Data for processing Start Marker
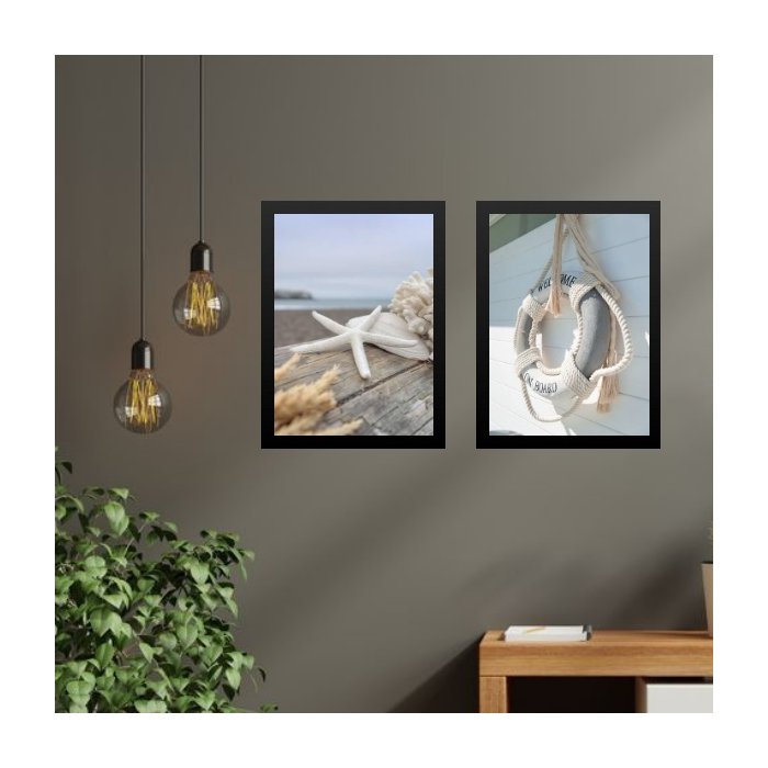 Kit 2 Quadros Coleção Praia- Boia e Estrela Mar 33x24cm:madeira Branca
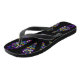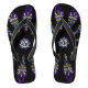 A lovely stained glass pattern adorns these flip flops in dominant colours of purple, blue, yellow and black. Abstract feathers circle a central mask to form a spiritual mandala design with a Native American sensibility.
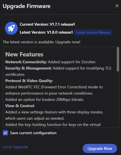 I think that they must have pulled the latest version “glkvm-RM1PE-1.7.0-1107-1762505958” from the download page as it was pants and quite buggy. It would not allow me to access GLKVM cloud services at all when using VPN on my home router but what really killed it for me was a couple of completely random network disconnects at a time when I was unable to have immediate access to the device to power-cycle and which resulted in me losing access to my PC for a good while.
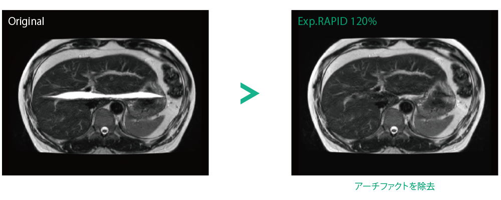 位相エンコード方向のサイズを誤って設定した場合、FOV外の信号に折り返しが生じ、画像にアーチファクトとして現れます。Exp.RAPIDは、指定したFOV拡大率に応じて画像を再構成。後処理で、アーチファクトを除去することも可能です。
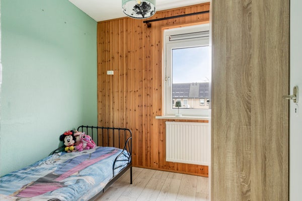 De twee grootste slaapkamers zijn van elkaar gescheiden door middel van een kastenwand en voorzien van een laminaatvloer. In de derde kamer ligt vloerzeil. De voor- en achtergevel zijn aan de binnenzijde afgewerkt met hout waarachter tempex aanwezig is. De overige wanden zijn geschilderd.
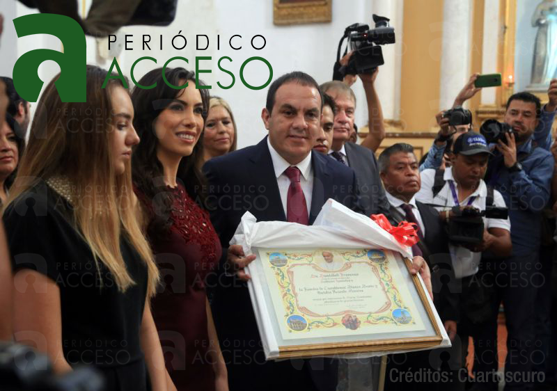 El «Cuauh» rindió protesta de ley alrededor de las 11:00 horas ante el Legislativo morelense, cuya sesión se trasladó a la explanada del zócalo de Cuernavaca. Atestiguaron el protocolo Olga Sánchez Cordero, próxima secretaria de Gobernación y el actual secretario de Desarrollo Social, Eviel Pérez Magaña.
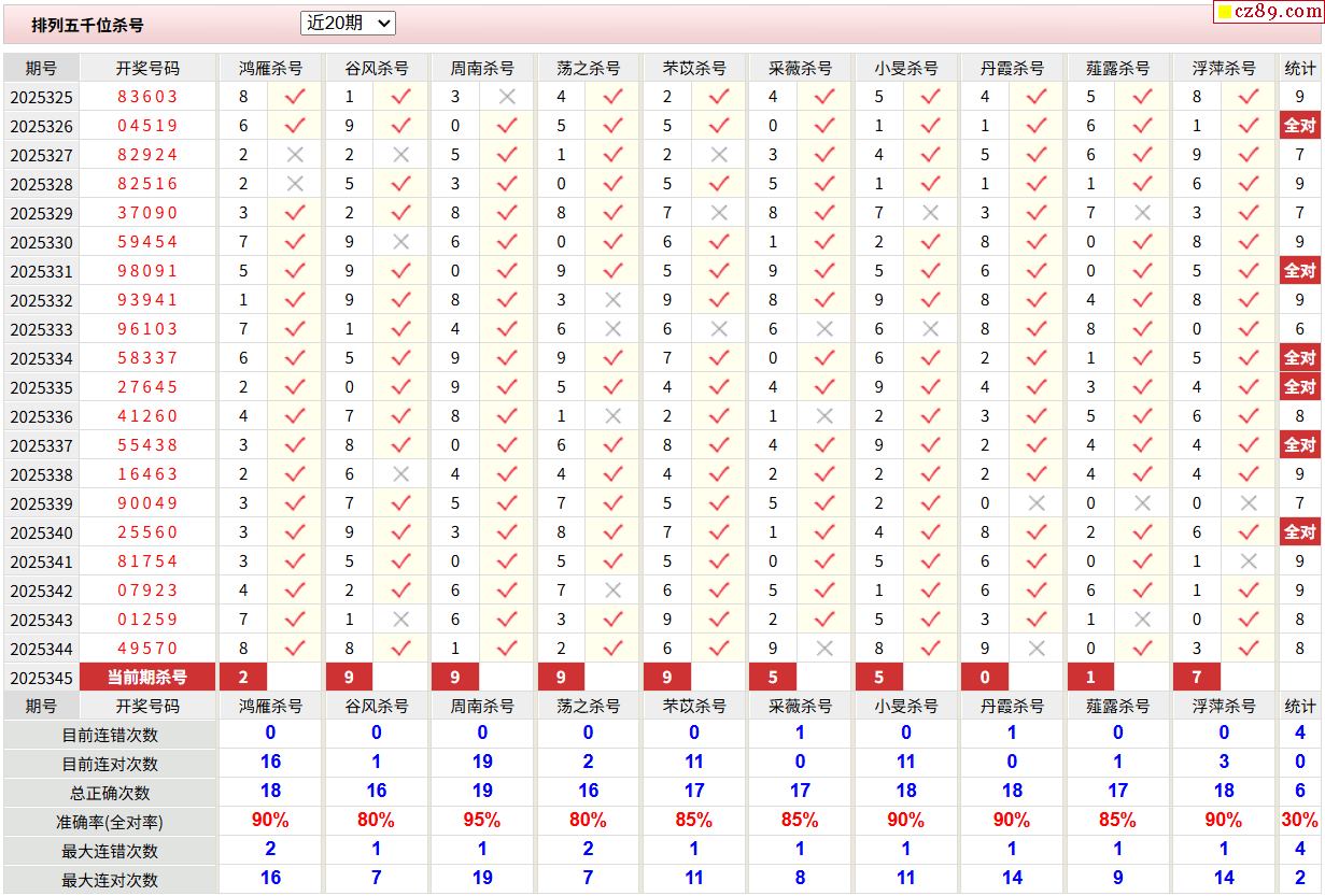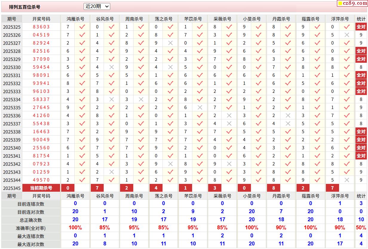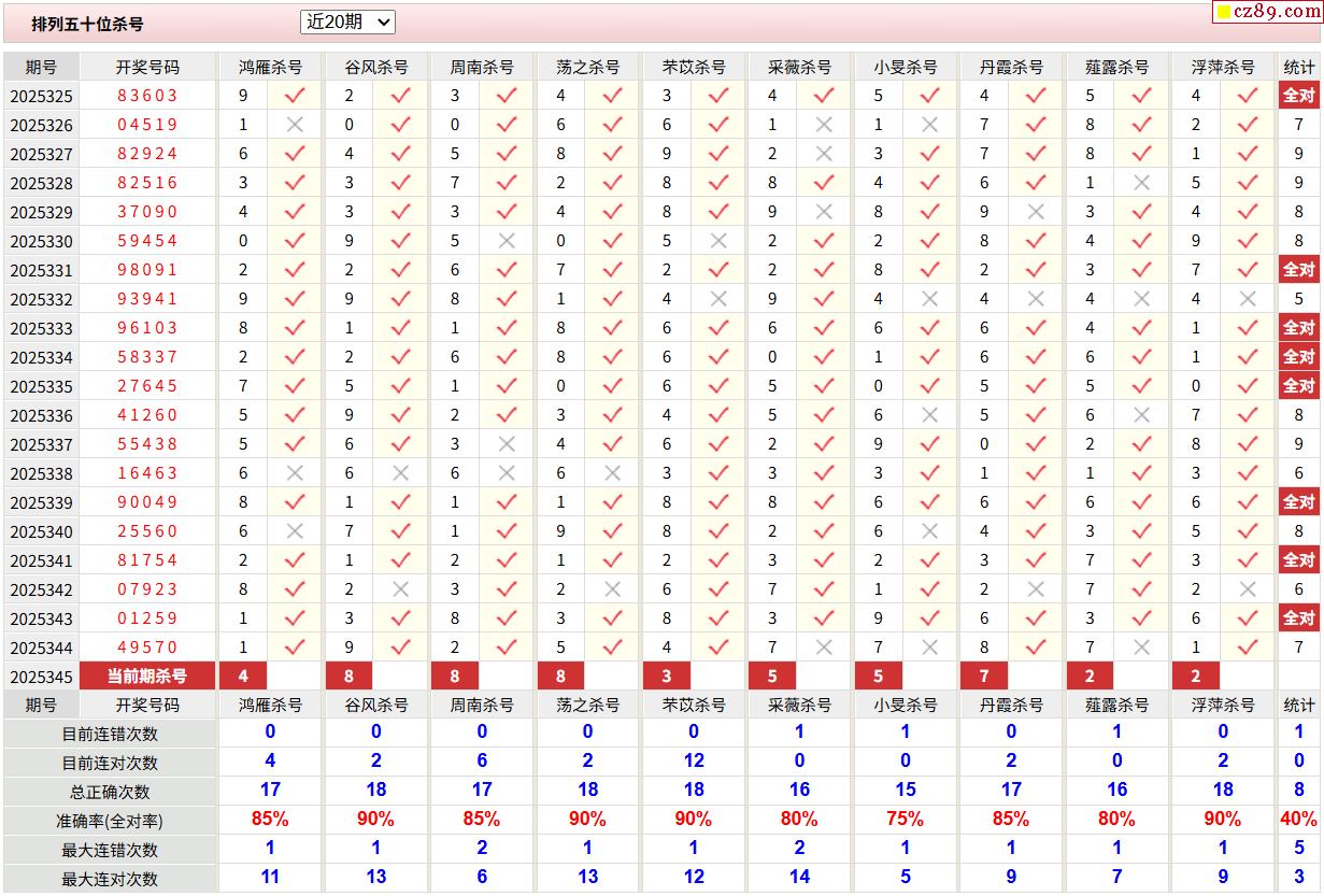 25年345期彩宝贝专家体彩P3杀号定码图表
Data for processing End Marker
## [What to work on]
Full copy, no pictures: write out each line of the data exactly as it stands.

## [Worked solution]
 Kit 2 Quadros Coleção Praia- Boia e Estrela Mar 33x24cm:madeira Branca
 A lovely stained glass pattern adorns these flip flops in dominant colours of purple, blue, yellow and black. Abstract feathers circle a central mask to form a spiritual mandala design with a Native American sensibility.
 I think that they must have pulled the latest version “glkvm-RM1PE-1.7.0-1107-1762505958” from the download page as it was pants and quite buggy. It would not allow me to access GLKVM cloud services at all when using VPN on my home router but what really killed it for me was a couple of completely random network disconnects at a time when I was unable to have immediate access to the device to power-cycle and which resulted in me losing access to my PC for a good while.
 位相エンコード方向のサイズを誤って設定した場合、FOV外の信号に折り返しが生じ、画像にアーチファクトとして現れます。Exp.RAPIDは、指定したFOV拡大率に応じて画像を再構成。後処理で、アーチファクトを除去することも可能です。
 De twee grootste slaapkamers zijn van elkaar gescheiden door middel van een kastenwand en voorzien van een laminaatvloer. In de derde kamer ligt vloerzeil. De voor- en achtergevel zijn aan de binnenzijde afgewerkt met hout waarachter tempex aanwezig is. De overige wanden zijn geschilderd.
 El «Cuauh» rindió protesta de ley alrededor de las 11:00 horas ante el Legislativo morelense, cuya sesión se trasladó a la explanada del zócalo de Cuernavaca. Atestiguaron el protocolo Olga Sánchez Cordero, próxima secretaria de Gobernación y el actual secretario de Desarrollo Social, Eviel Pérez Magaña.
 25年345期彩宝贝专家体彩P3杀号定码图表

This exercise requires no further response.